The MultiQC_NGI plugin has some configuration options which you can add to the main MultiQC config files (inst_dir/multiqc_config.yaml, ~/.multiqc_config.yaml and ./multiqc_config.yaml).

The available config options with some suggested values can be found in multiqc_ngi_config.yaml

Code structure

The new modules and templates are held in multiqc_ngi/. The code that interacts with statusdb is in multiqc_ngi/multiqc_ngi.py and the new command line options are defined in multiqc_ngi/cli.py.

The way that all of these plugin functions work is defined in setup.py, in the entry_points section.

Development

If you're developing this code, you'll want to clone it locally and install it manually instead of using pip:

git clone git@github.com:ewels/MultiQC_NGI.git
cd MultiQC_NGI
python setup.py develop

Changelog

v0.3 - 2016-09-27

  • New dupRadar module
    • Takes output from dupRadar script in the NGI-RNAseq pipeline
  • New featureCounts biotype plot / rRNA in General Stats table
    • Takes output from the NGI-RNAseq pipeline where featureCounts sums the counts for each biotype and plots this
  • Reports now handle multiple projects
    • No header is added to the top of the report, but other fuctions (eg. sample name swapping) now works
  • Added functionality to copy reports to an external server via scp on report completion
  • New General Stats table column - NGI name
  • New command line flag --disable-ngi

v0.2.2 - 2016-07-08

  • Another bugfix release to handle even more missing information in statusdb

v0.2.1 - 2016-07-06

  • Minor bugfix release to handle missing information in statusdb

v0.2 - 2016-07-05

  • Ability to test using a static JSON file instead of statusdb
  • Compatability with new MultiQC features (eg.
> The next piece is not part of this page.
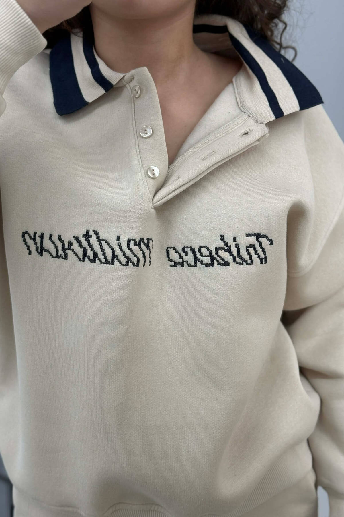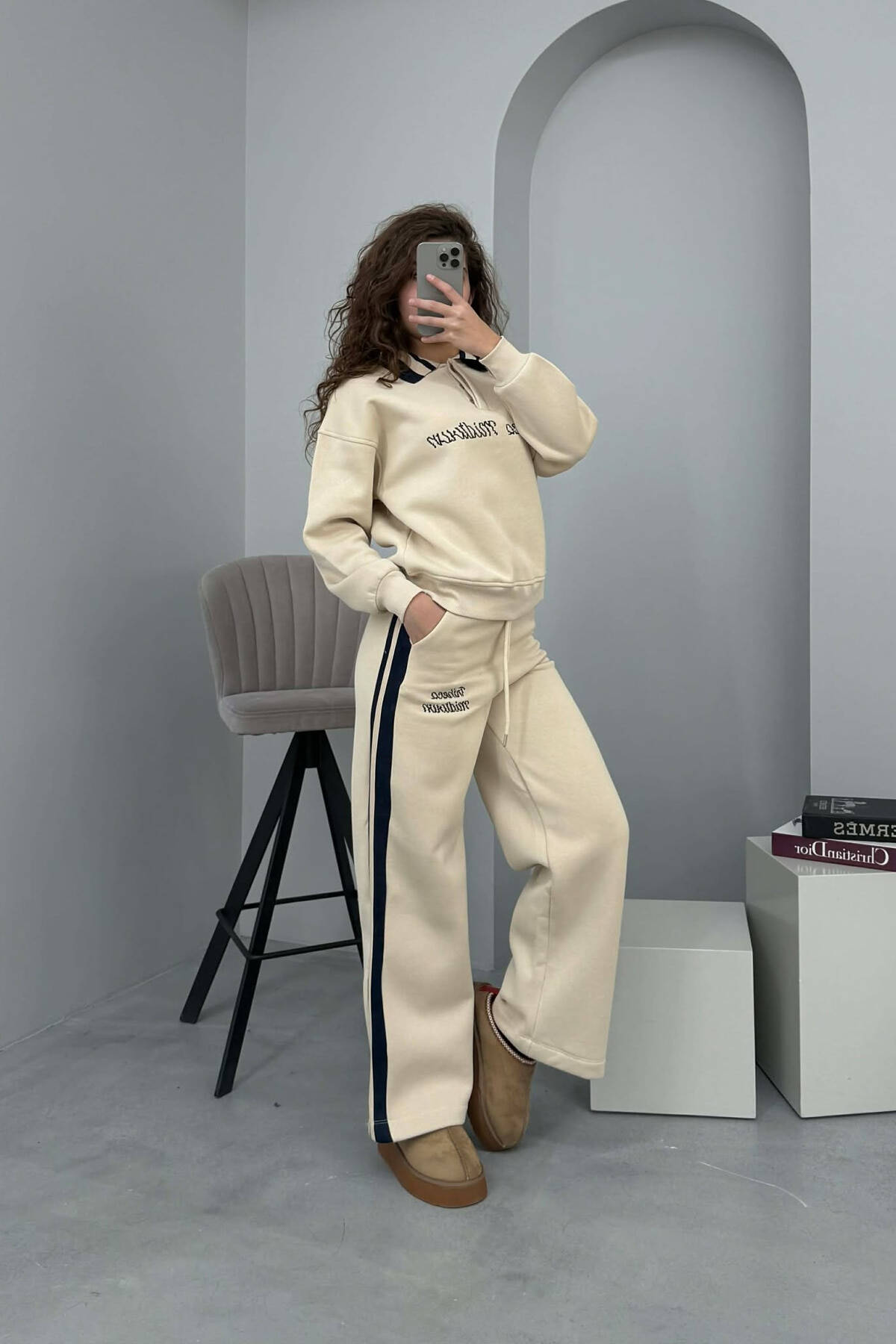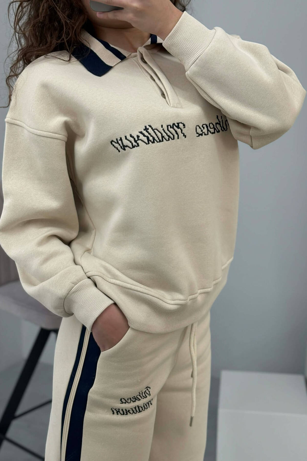 POLO NECK SWEATSHIRT+SWEATPANTS FLUFFY WOMEN SET BEIGE/BEZHE
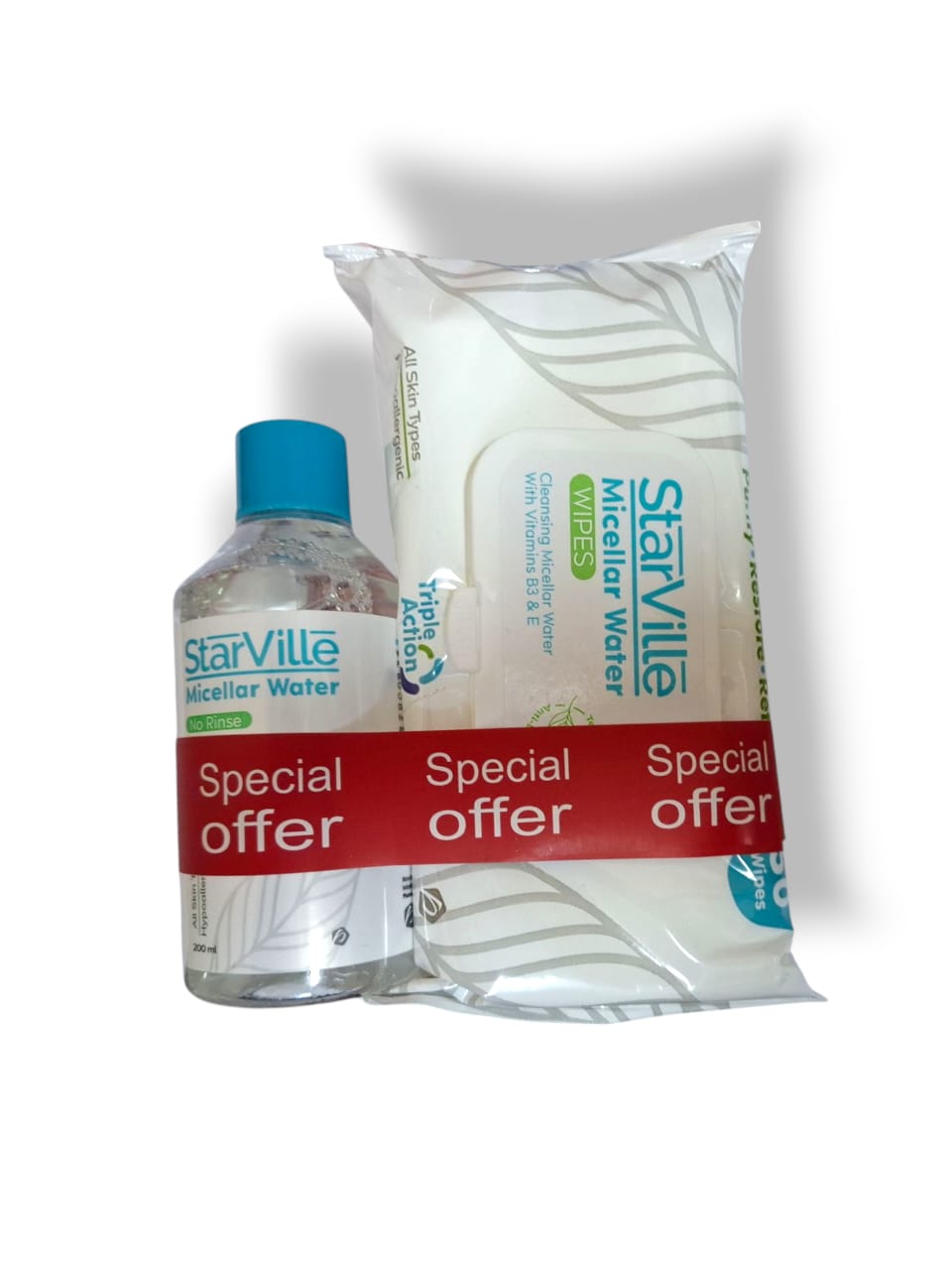 Introducing STARVILLE WIPES + MICELLAR 200ML OFFER - the perfect cleansing duo! These gentle and effective wipes are infused with micellar water, removing impurities and leaving skin feeling refreshed. Get a 200mL bottle of micellar water for free with purchase. Clinically proven to remove 99% of makeup, dirt and oil.

ENV vars)
  • WGS-specific cleaning of reports (remove FastQC and FastQ Screen from general stats table)
  • Got the RNA-seq MDS plot to work
  • Made code more tolerant of missing statusdb values
  • Lots of minor bug fixes

v0.1 - 2016-05-17

Initial release.

  • Module for NextFlow RNA-Seq BP pipeline
    • Heatmap of sample correlations
    • MDS plot
  • Automatically find Project ID from report, or specify with --project
  • Pull project and sample metadata from StatusDB
    • NGI template shows project metadata at head of report, plus NGI logo
    • General Stats columns added for RIN, Library Concentration and Library Amount Taken
  • Push MultiQC report data to StatusDB
    • config.push_statusdb or --push/--no-push
  • Ability to disable StatusDB interactions with config.disable_ngi
  • genstat barebones template started, but not complete.